Rockbox

Tasklist

FS#9273 - Changing sapi_voice.pl To make japanese.voice sound better with specific SAPI

Attached to Project: Rockbox
Opened by Taktak (Whick) - Wednesday, 13 August 2008, 05:44 GMT
Task Type Patches
Category Language
Status Assigned
Assigned To Jonas Häggqvist (rasher)
Operating System All players
Severity Low
Priority Normal
Reported Version Daily build (which?)
Due in Version Undecided
Due Date Undecided
Percent Complete 0%
Votes 0
Private No

Details

I would like to change voice strings to make them sound better with a specific SAPI voice.
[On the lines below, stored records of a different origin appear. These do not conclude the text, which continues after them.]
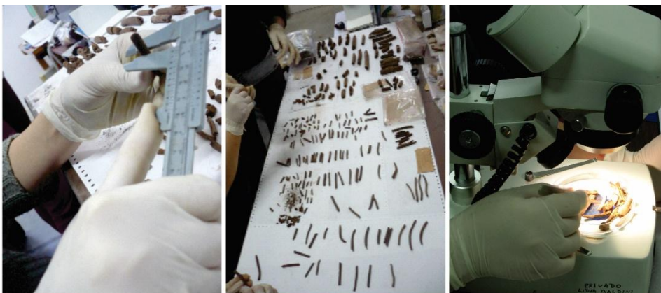
Fig. 4: Relevamiento de la colección.

En primer lugar, se desarrolló una base de datos integral del conjunto de piezas que componen la colección en formato Access, que registra sus características morfológicas, funcionales, estilísticas y dimensionales. Los materiales fueron desplegados y se realizó un trabajo de remontaje, pudiendo de esta manera asociar varios fragmentos a una misma pieza (Fig. 4). A partir de ello se clasificaron las piezas según se trate de ecofactos (objetos carentes de formatización por parte del hombre) o artefactos (aquellos que presentan algún estadio de formatización).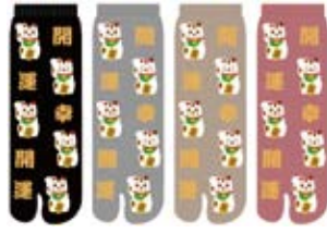
TG546/招き猫 ロークルー丈 和柄 日本製 CUTEtype★★★★ 9/ 未入荷予定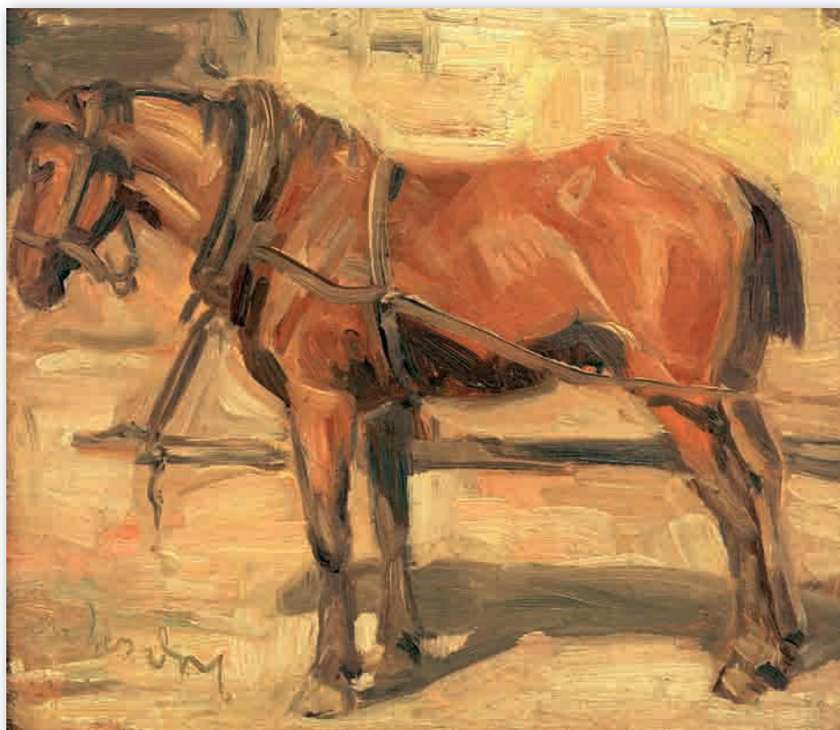
Франц Марк ЭТЮД С ЛОШАДЬЮ, 1905 Масло, картон

В 1905 году Франц Марк написал маслом на картоне небольшой этюд с лошастью. Уверенными мазками коричневых тонов он передал игру света и теней на теле животного. Этот этюд с натуры полностью соответствует тогдашним традициям живописи. Цветовые нюансы создают гармонию. В картине нет кричащих тонов и чистых цветов типа красного, синего и желтого. В живописи такого рода яркие цветовые контрасты не играют решающей роли. Эта работа недалеко ушла от рисунка, раскрашенного цветными карандашами, но ее цветовая непритязательность весьма необычна на фоне более поздних работ Франца Марка, для которых характерна яркость красок.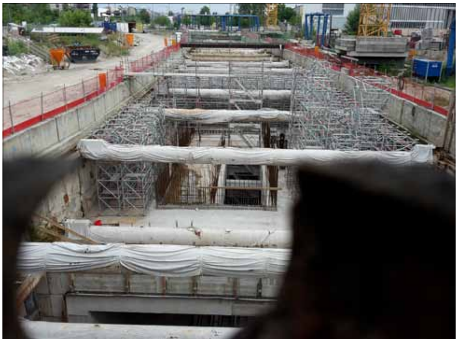
Blick durch ein Astloch im Bretterzaun auf den S21-Tunnel nördlich der Invalidenstraße. Hier ist die Tunneldecke bereits hergestellt. In diesem Bereich soll der provisorische kurze Tunnel-Bahnsteig entstehen. Fotos: Florian Müller, Juli 2016

muss, ist das nicht mehr Geld, als die Bahn am Ende für den provisorischen Tiefbahnhof am Hauptbahnhof ausgegeben haben wird. Und es ist ein geringer Betrag im Vergleich zu den über 100 Millionen Euro, die das Land Berlin für den Straßenbau zur Entwicklung des Quartiers an der Heidestraße aufwendet.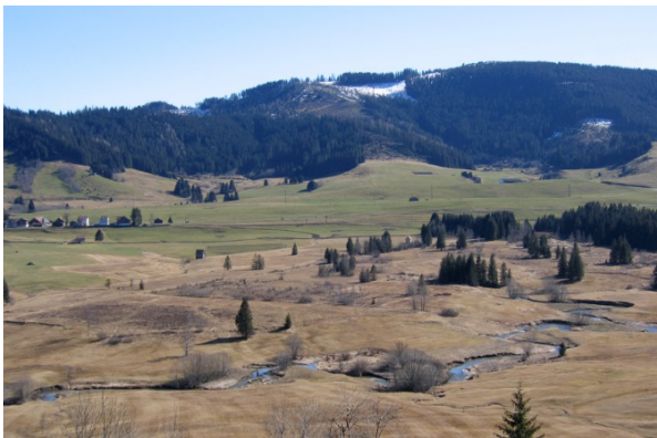
Die Moorlandschaft mit der Dritten Altmatt links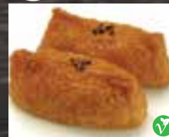
#N10 1 mcx TOFU SUCRÉ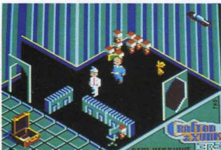
Construisez un échafaudage pour atteindre la seringue.

se recharger en se plaçant sous une "cabine Holophonique" que vous repêrerez grâce au H dessiné sur le haut. Si vous atteignez 0 %, vous devenez vert, signe d'une très mauvaise santé, et la partie s'achève. Aussi, repérez bien les sources d'énergie pour y retourner quand cela devient nécessaire. Chaque fois que vous aurez trouvé une seringue et un endroit où cogite un savant, vous poserez l'aiguille près de la tête pensante, jusqu'à ce qu'il marche dessus (les mouvements du savant sont aléatoires). Si celui-ci commence à adopter une attitude un peu bizarre et qu'un jingle (genre pinpon) commence à sonner à vos oreilles, c'est qu'il va se mettre à table : un chiffre du code commence alors à clignoter. Il faut savoir que vous pouvez trouver la chambre de Zarxas assez facilement, certes, mais que si vous ne prenez pas le bon chemin à l'intérieur de la pièce, alors de façon aussi soudaine qu'inattendue, vous serez écrasé par un objet lourd tombant du plafond : cuisinière, armoire, divan, ou autre gâterie sacrément pesante ! Les directions à respecter dans cette chambre sont donc : 1 en face, 2 à droite, 3 derrière, 4 à gauche. Chaque fois que vous réinitialisez le jeu, le code d'accès sera changé mais la position des seringues et des savants sera la même. Quant à la dernière indication, le score, je vous laisse le soin d'imaginer son utilité.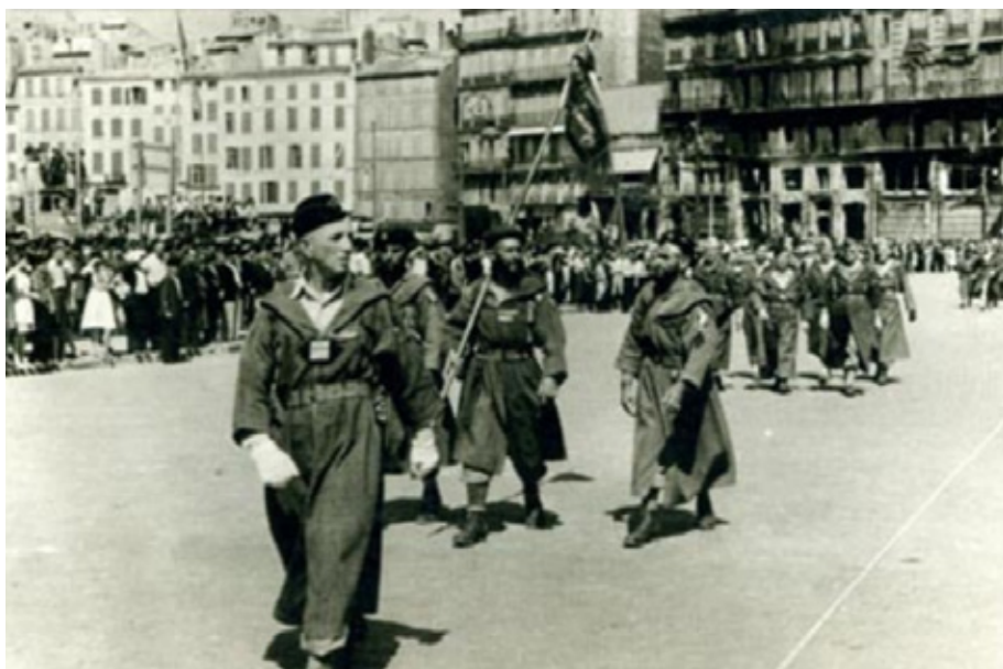
Le colonel Boyer de Latour suivi du fanion du 2 e GTM, lors du défilé des troupes françaises sur le port de Marseille, photographie août 1944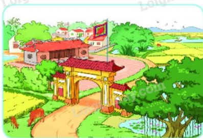
Xóm làng bình yên

I don't intend to change string in *.lang directly.
It should be done in voice.pl dinamically while building voice, shouldn't it?
This task depends upon

Comment by Taktak (Whick) - Wednesday, 13 August 2008, 06:05 GMT
Should we write in Hiragana (or katakana?) for japanese voice-strings in japanese.lang?
A knowledge is necessary to answer this qustion.
We can say that Hiragana and katakana are almost phonogramic in almost cases.
But They aren't phonogramic in case of prolonged sound like roman vowel with macron and this rule is not a perfect.
I won't explain the rule here because it's very difficult except for Japanese native speaker.
Beside, the accent of many words may be broken by using Hiraga(or Katakana).

What voice-string is misread by Sapi?
For now, I talk only about Sapi LH Kenji and LH Naoko bundled office XP or 2003 localized for Japan.
(It's just aside that Kenji is common male name like Jack and Naoko is common female name like Jane.)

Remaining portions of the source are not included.